EUR/USD
The EUR/USD pair initially tried to rally during the course of the day on Thursday, but as you can see turned right back around for a bit of a shooting star. This is not a surprise to me, and I do believe that we continue to see quite a bit of bearish pressure on the Euro, due to all of the concerns with the European Union itself. Ultimately, I have looked at any rally in this market as an opportunity to sell, and the candle during the Thursday session certainly suggests that we may see some of the same going forward.
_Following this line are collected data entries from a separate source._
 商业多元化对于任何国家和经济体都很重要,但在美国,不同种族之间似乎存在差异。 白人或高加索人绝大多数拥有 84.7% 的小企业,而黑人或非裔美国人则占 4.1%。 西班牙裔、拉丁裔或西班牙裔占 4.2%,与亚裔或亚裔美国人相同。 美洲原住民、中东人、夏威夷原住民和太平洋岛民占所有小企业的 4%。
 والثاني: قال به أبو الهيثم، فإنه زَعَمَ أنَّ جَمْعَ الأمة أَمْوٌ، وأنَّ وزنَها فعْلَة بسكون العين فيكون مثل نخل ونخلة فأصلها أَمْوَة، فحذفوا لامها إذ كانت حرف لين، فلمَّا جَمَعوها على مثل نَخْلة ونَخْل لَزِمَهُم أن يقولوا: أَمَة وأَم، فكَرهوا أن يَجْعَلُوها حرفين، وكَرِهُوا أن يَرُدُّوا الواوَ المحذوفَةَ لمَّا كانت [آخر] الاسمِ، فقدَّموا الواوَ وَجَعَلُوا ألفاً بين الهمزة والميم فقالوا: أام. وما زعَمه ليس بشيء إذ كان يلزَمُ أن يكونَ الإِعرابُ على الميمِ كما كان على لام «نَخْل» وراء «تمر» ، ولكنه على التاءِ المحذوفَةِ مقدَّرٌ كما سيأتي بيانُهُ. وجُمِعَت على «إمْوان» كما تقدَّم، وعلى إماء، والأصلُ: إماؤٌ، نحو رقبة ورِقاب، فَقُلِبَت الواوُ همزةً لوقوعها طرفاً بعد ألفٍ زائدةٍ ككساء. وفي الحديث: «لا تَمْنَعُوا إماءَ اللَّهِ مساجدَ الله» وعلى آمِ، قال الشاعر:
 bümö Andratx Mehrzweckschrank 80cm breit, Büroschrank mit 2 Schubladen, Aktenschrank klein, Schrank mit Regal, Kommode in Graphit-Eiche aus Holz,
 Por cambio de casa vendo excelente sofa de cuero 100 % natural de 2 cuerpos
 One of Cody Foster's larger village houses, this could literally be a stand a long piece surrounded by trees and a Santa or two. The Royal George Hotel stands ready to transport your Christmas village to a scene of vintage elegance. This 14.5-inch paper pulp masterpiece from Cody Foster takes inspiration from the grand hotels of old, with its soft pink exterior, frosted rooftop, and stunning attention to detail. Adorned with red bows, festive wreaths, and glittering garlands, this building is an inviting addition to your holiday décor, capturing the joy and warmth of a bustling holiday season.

I think if we can get below the 1.09 level, things get really ugly and we continue to grind our way lower for the longer term, with an ultimate target somewhere closer to the 1.05 level, or even possibly parity given enough time.
GBP/USD
The GBP/USD pair initially fell during the day but it did bounce towards the end and it showed a little bit of resiliency. Ultimately though, I think that this is a market that Sibley needs to go sideways for a while as we catch a breath after falling apart. Any rally at this point in time should be a selling opportunity on signs of exhaustion, and I believe that the 1.35 level above is a massively strong “ceiling.” Because of this, I believe that this market will selloff and finally break down, but it might take some time.
The 1.30 level below is supportive, but I think that support runs all the way down to the 1.28 level. If we break down below there we should see the market resource 1.25 handle, and that is my longer-term outlook. Because of this, I am “sell only” when it comes to the British pound but I recognize that I need to see rallies and show signs of exhaustion or breakdowns before we can actually do that.